Ethan Minsker: A few things:
1- A documentary about myself called the Man In Camo. It’s somewhat based on the phrase “My life flashed before my eyes.” and if you could a fanzine in film form mashed together.
2- A book that is done, but trying to find an agent or publisher for now, titled “Antagonist.” Any publishers out there? Find me! PLEASE!
3- More issues of my own zine, Psycho Moto Zine.
4- I am hoping I get accepted in the art fair on Governors Island in September. Here is a little about the project I hope to do there.

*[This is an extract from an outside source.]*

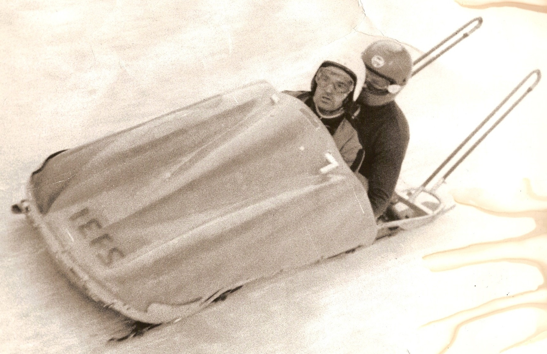 Nicolae Stavarache, Horia Iliesu during a bobsleigh race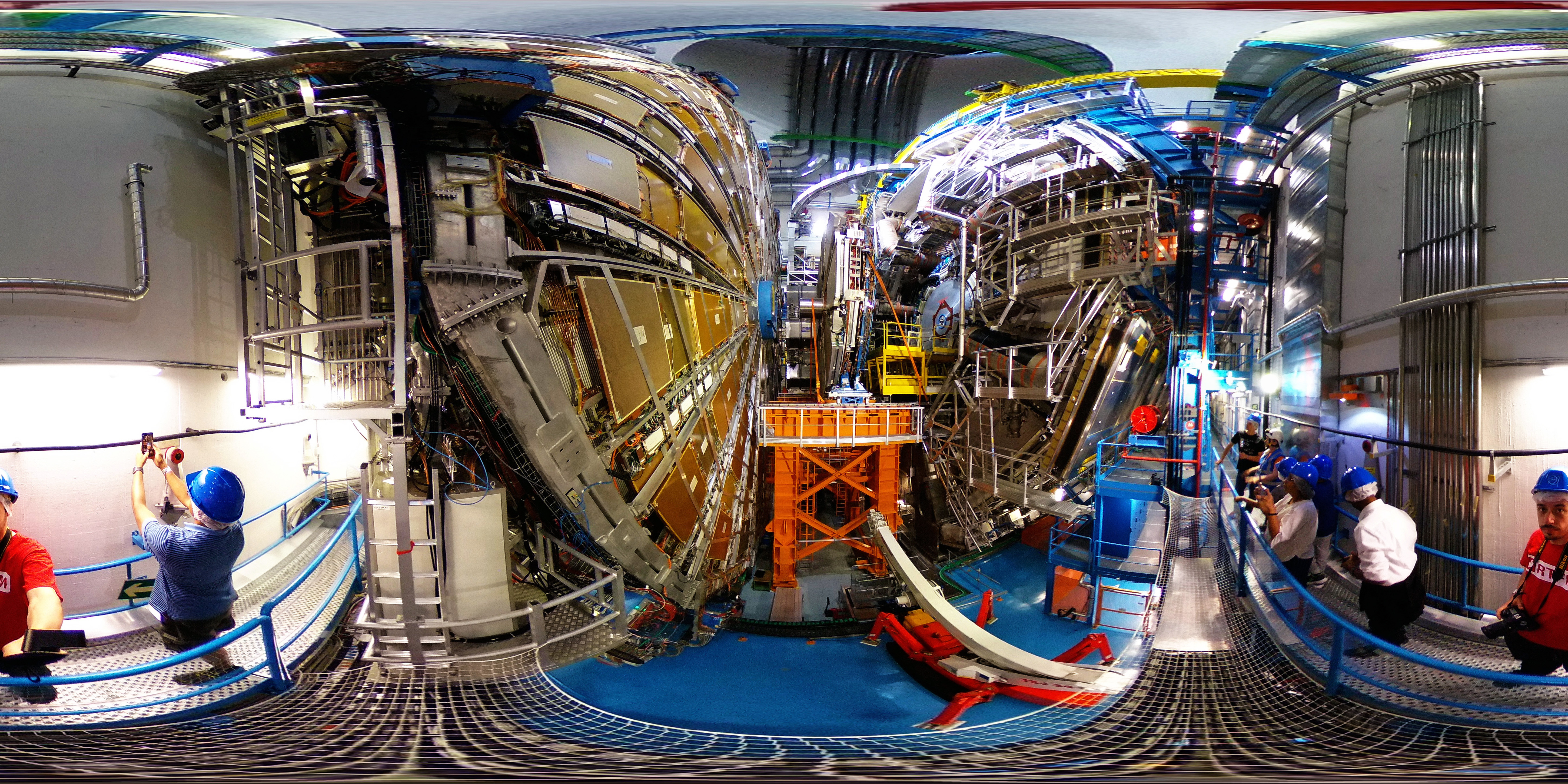 ATLAS (A Toroidal LHC ApparatuS) particle detector experiments at the LHC particle accelerator at CERN in Switzerland.

#GhostGun memorializing the victims of mass shootings in America. According to the Tracker’s data, which defines a mass shooting as an incident in which at least four people are killed or wounded, there were 372 mass shootings in the U.S. in 2015, killing 475 and wounding 1,870. I am working on creating 372 guns made of paper that dangle from fishing line. These guns move with the whim of a slight breeze, pointing in all directions reflecting the randomness of being targeted and killed. The guns hang from the ceiling. I will place a mark on the floor where people can take a photo selfie and ask them to hashtag #Ghostgun and tag antagonistmovement on Instagram and @antagonistart on twitter. My hope is that this starts a conversation. That this project can be more then a momentary thought and reflect on those lives lost, that we can make changes to create a safer place for all of us. Gun lovers and haters alike. Its no longer enough to claim that the right to unfettered access to guns is more important then the right to a life. Something has to change but lets not lock out those who own guns. Its time we admit there is something wrong and what as citizens we can do to rectify it. I have personally lost friends and with mass murders and killings in the news looping over and over I am sick of the lack of change, I am tired of those with a voice not speaking up, that includes myself, their for my act of resistance lies within this project #Ghostgun.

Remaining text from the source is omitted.